La Palestine mandataire a été partitionnée deux fois : la première, illégale, en 1922, quand les Britanniques en ont soustrait 75% pour créer de toutes pièces la Jordanie, ne laissant que 25% pour le Foyer national juif prévu sur 100% de ce territoire. La deuxième partition, officielle, a été votée en 1947 par l’ONU pour séparer Juifs et Arabes sur les 25% restants. Cette partition a été acceptée par les premiers et refusée par les seconds. De ce fait, le seul propriétaire légal du territoire est Israël qui accepté la loi internationale. Le territoire, lui, a augmenté suite à ses victoires sur la Jordanie, la Syrie et l’Egypte lors de plusieurs guerres défensives. L’Etat juif a échangé ces territoires contre un traité de paix, avec l’Egypte en 1979, puis avec la Jordanie en 1994. Il attend toujours que les Palestiniens (qui n’étaient pas un peuple en 1948, mais des gens qui se définissaient comme « la Syrie du sud[1] ») cessent d’éduquer leurs enfants au martyre dans la haine d’Israël pour faire de même avec eux.
[1] « Le peuple palestinien n’existe pas ! La création d’un Etat palestinien est un moyen de continuer notre lutte contre l’Etat d’Israël en vue de l’unité arabe.
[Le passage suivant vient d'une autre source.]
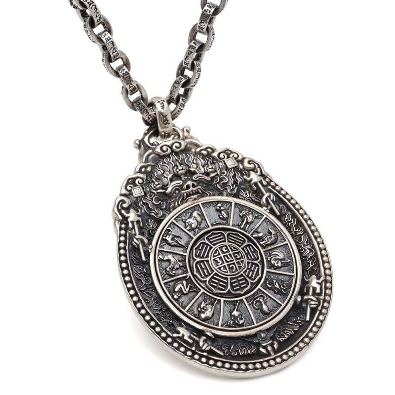 シルバー925 精巧に刻まれた干支モチーフが魅力的な曼茶羅ネックレス。 [ns268]
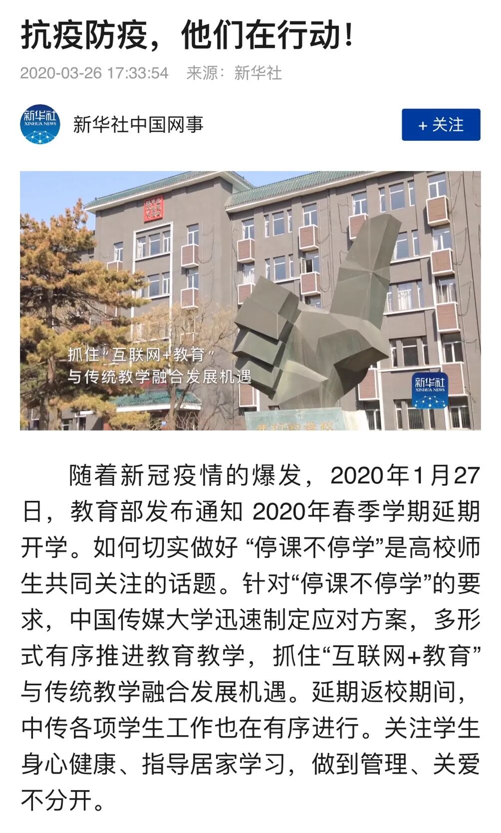 学校根据疫情发展态势和上级工作部署,结合不同时期的工作实际,及时作出工作安排,包括推迟艺术类专业复试时间,推迟春季开学时间,要求全体学生居家防控、不得提前返回学校,开展大规模线上教学、网上指导等等。这些举措既保护了师生安全,又妥善应对延期开学对教学等工作造成的冲击。
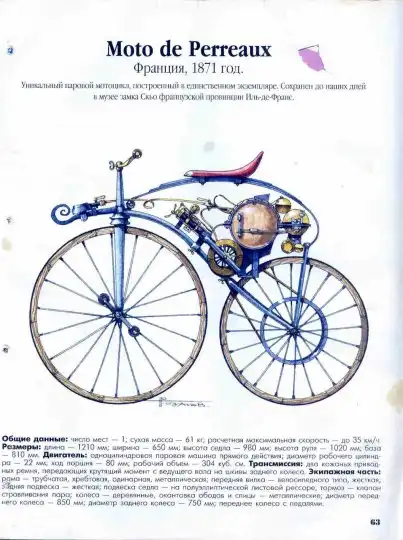 Итак: можно его представить как велосипед с паровым двигателем, построенный талантливым французским инженером-механиком Луи Гийомом Перро. Родился он в 1816 году в городке Альменехес. Он не сразу подошел к разработке такого транспортного средства. Многим пришлось ему заниматься в жизни. В числе прочих его изобретений различные виды оружия и подводная лодка с пневматическим двигателем.
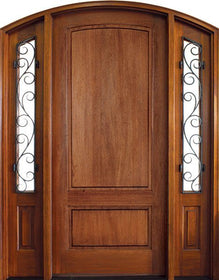 WDMA 50x80 Door (4ft2in by 6ft8in) Exterior Mahogany Trinity 2 Panel Impact Single Door/2 SDL Sidelight Arch Top
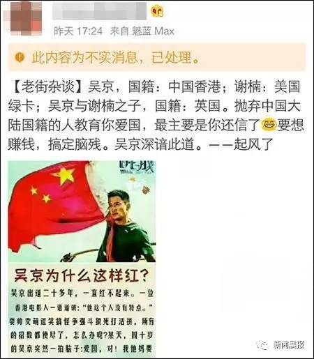 不实消息传出不久后,吴京妻子谢楠的母亲亲自晒出两人的护照以及孩子的出生证,例证吴京一家三口都是中国籍。
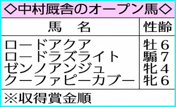 ◇中村 直也(なかむら・なおや)1978年(昭53)8月20日生まれ、大阪府出身の43歳。04年に栗東・湯浅厩舎の厩務員となり、07年から小崎厩舎の調教助手を務め、エイシンロンバード(07年武蔵野S勝ち)に携わった。「ゲートに苦労したが重賞を勝ってくれた」。20年に新規調教師免許試験に合格。
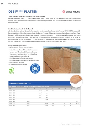 bestände anfällt, wird auch die Premium-Qualität SWISS KRONO OSB/ F**** gefertigt. Zusätzlich zum E1 Grenzwert
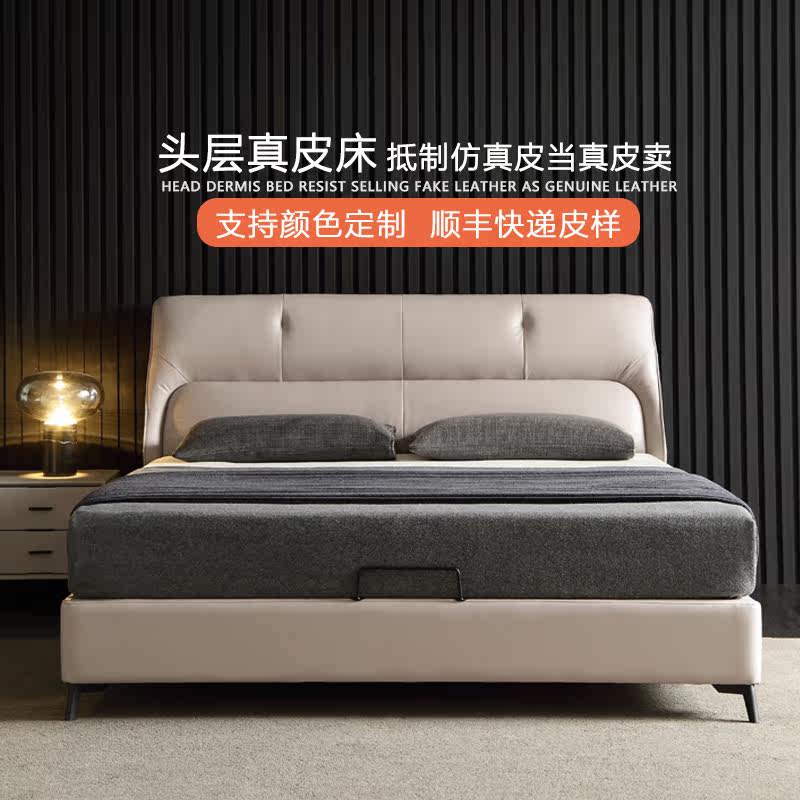 Light luxury Nappa leather bed (all solid wood)

En réalité, aujourd’hui, il n’y a aucune différence entre les Jordaniens, les Palestiniens, les Syriens et les Libanais. Il est dans notre intérêt, comme Arabes, de prétendre à l’existence d’un peuple palestinien distinct, afin de l’opposer au sionisme. » Zuheir Mohsen (dirigeant OLP) interviewé par James Dorsey, « Wij zijn alleen Palestijn om politieke reden », Trouw, 31 mars 1977.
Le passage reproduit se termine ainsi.